• [Exercise instructions] Task for the records below: repeat the line containing "Sierra Stock Pot" and every line after it, exactly and with nothing else, but leave out the pictures.

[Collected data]
-*-*-

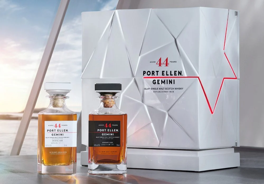 The Port Ellen Gemini release features two whiskies—Original and Remnant—distilled in 1978 and bottled at 44 years of age. Presented in exquisite crystal decanters and housed within a mirrored casket, these exceptional single malts are available only as a set, and come with a price tag of £45,000.
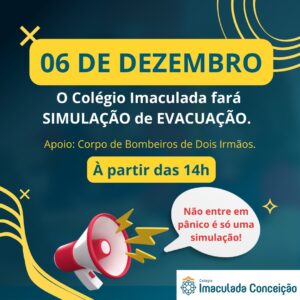Está programado para o dia 6 de dezembro, uma Simulação de Evacuação de Área do Colégio, conduzida pela nossa equipe da Brigada de Emergência.
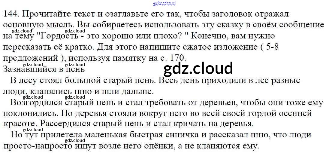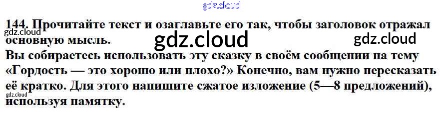 Ответ на задание 144 Учебник Русский язык за 5 (пятый) класс Баранов, Ладыженская, Тростенцова, Кулибаба, Григорян 2016, 2019 Часть 1, 2
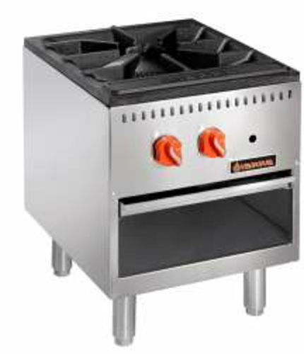 Sierra Stock Pot Range, natural gas, 18"W, (1) three-ring burner, (2) manual controls (inner & outer ring), cast iron grate, removable drip tray, lower storage shelf, stainless steel construction, (4) adjustable legs, pressure regulator, 90,000 BTU total, cETLus, ETL-Sanitation (ships with LP conversion kit)
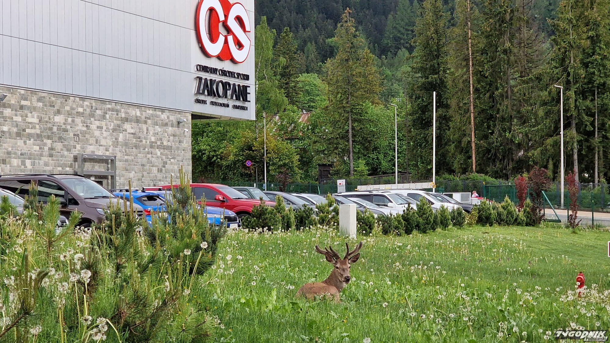 Na parkingu przed Centralnym Ośrodkiem Sportu w Zakopanem pojawił się młody jeleń.
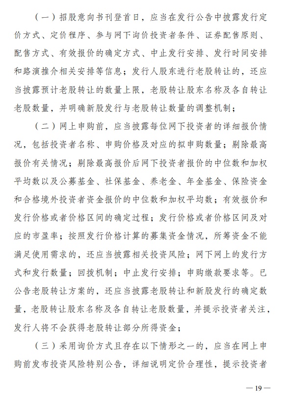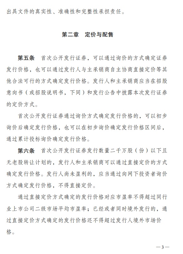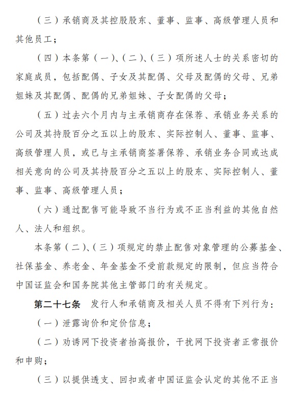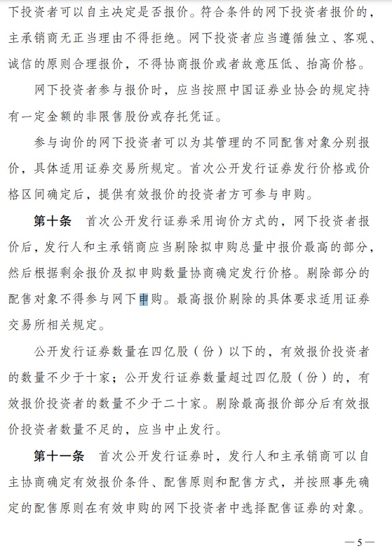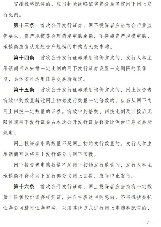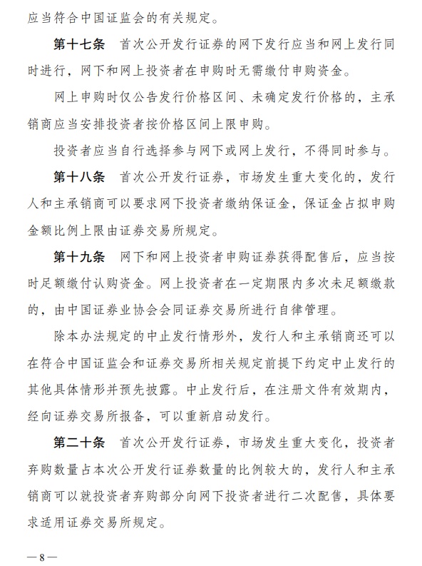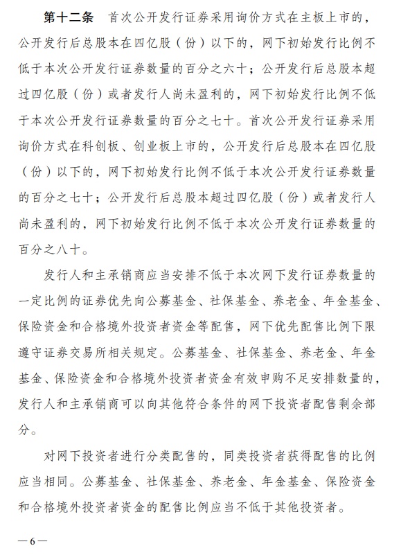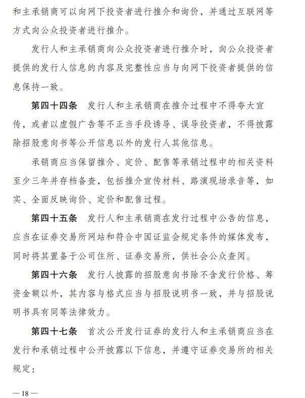 智通财经APP获悉,2月17日,证监会修订发布《证券发行与承销管理办法》,自公布之日起施行。对新股发行价格、规模等不设任何行政性限制,完善以机构投资者为参与主体的询价、定价、配售等机制,平衡好发行人、承销机构和投资者之间的利益,实现新股市场化发行。在发行结果公告中披露获配投资者名称以及每个获配投资者的报价、申购数量和获配数量等,并明确说明自主配售的结果是否符合事先公布的配售原则;对于提供有效报价但未参与申购,或实际申购数量明显少于报价时拟申购量的投资者应当列表公示并着重说明;披露网上、网下投资者获配未缴款金额以及主承销商的包销比例,列表公示获得配售但未足额缴款的网下投资者;披露保荐费用、承销费用、其他中介费用等发行费用信息。

-*-*-

• [Answer to the exercise]
 Sierra Stock Pot Range, natural gas, 18"W, (1) three-ring burner, (2) manual controls (inner & outer ring), cast iron grate, removable drip tray, lower storage shelf, stainless steel construction, (4) adjustable legs, pressure regulator, 90,000 BTU total, cETLus, ETL-Sanitation (ships with LP conversion kit)
 Na parkingu przed Centralnym Ośrodkiem Sportu w Zakopanem pojawił się młody jeleń.
 智通财经APP获悉,2月17日,证监会修订发布《证券发行与承销管理办法》,自公布之日起施行。对新股发行价格、规模等不设任何行政性限制,完善以机构投资者为参与主体的询价、定价、配售等机制,平衡好发行人、承销机构和投资者之间的利益,实现新股市场化发行。在发行结果公告中披露获配投资者名称以及每个获配投资者的报价、申购数量和获配数量等,并明确说明自主配售的结果是否符合事先公布的配售原则;对于提供有效报价但未参与申购,或实际申购数量明显少于报价时拟申购量的投资者应当列表公示并着重说明;披露网上、网下投资者获配未缴款金额以及主承销商的包销比例,列表公示获得配售但未足额缴款的网下投资者;披露保荐费用、承销费用、其他中介费用等发行费用信息。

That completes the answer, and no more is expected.